■ REQUIRED ACTION ■
Only some lines are wanted: please transcribe exactly those from the one containing "Vatandaşlardan bazıları, kalabalık" through the end of the data, pictures excluded.

■ RECORDED INFORMATION ■
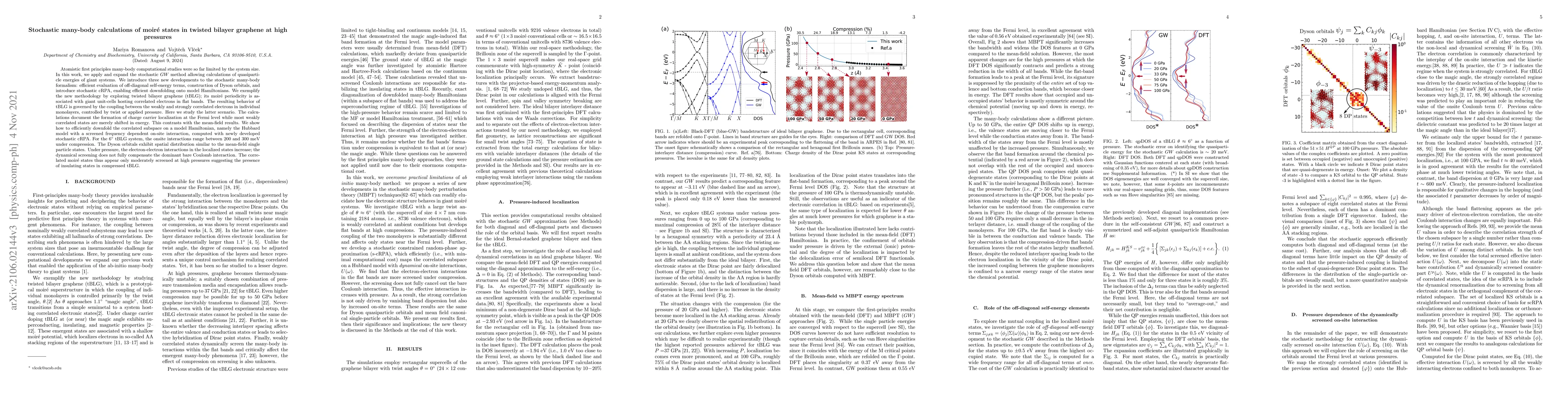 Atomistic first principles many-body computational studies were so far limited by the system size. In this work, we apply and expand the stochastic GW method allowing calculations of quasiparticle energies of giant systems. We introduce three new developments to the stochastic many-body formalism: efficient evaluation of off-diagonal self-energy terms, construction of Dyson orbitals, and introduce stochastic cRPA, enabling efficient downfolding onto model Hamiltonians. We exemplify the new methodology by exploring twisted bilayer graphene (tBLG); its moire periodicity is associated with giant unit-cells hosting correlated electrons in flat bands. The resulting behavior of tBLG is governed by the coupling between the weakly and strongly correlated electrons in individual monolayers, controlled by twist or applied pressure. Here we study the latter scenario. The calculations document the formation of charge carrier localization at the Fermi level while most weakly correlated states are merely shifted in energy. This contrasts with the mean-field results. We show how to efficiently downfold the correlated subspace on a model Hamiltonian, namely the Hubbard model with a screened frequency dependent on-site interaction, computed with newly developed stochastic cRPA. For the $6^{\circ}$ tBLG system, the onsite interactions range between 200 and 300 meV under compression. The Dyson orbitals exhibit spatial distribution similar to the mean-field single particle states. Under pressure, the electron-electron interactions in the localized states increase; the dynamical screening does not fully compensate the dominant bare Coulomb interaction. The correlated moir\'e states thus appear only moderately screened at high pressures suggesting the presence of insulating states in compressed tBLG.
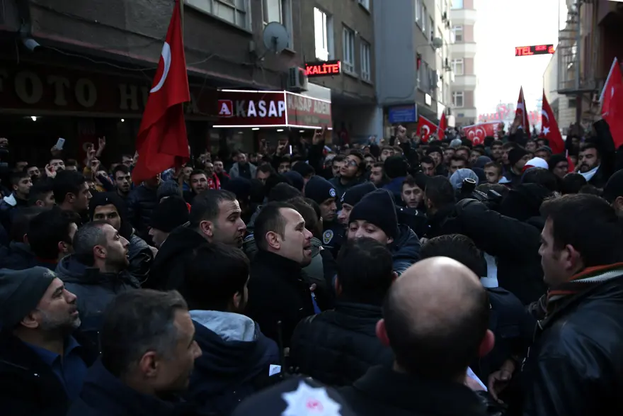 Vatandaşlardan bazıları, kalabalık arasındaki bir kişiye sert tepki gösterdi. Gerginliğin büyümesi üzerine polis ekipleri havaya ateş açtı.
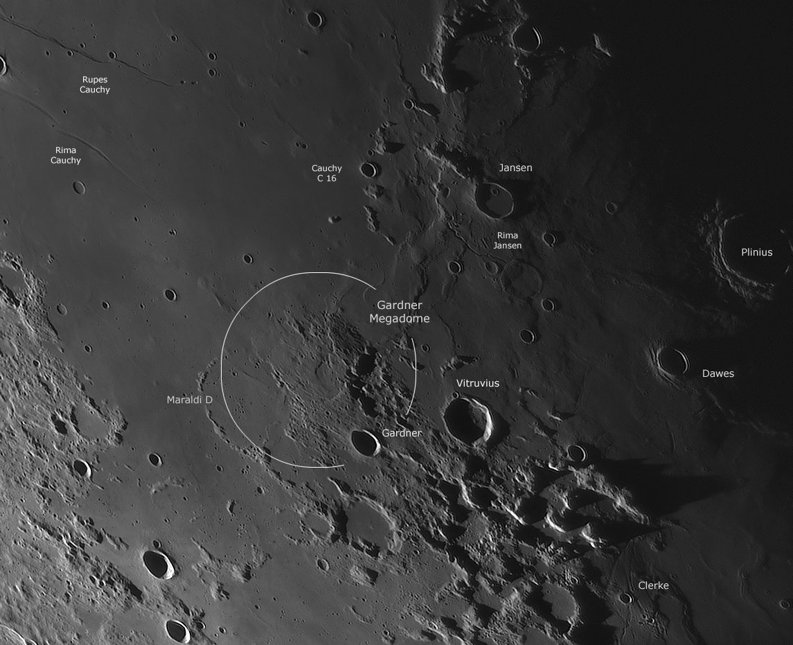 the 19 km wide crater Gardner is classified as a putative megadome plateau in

■ OUTPUT OF THE EXERCISE ■
 Vatandaşlardan bazıları, kalabalık arasındaki bir kişiye sert tepki gösterdi. Gerginliğin büyümesi üzerine polis ekipleri havaya ateş açtı.
 the 19 km wide crater Gardner is classified as a putative megadome plateau in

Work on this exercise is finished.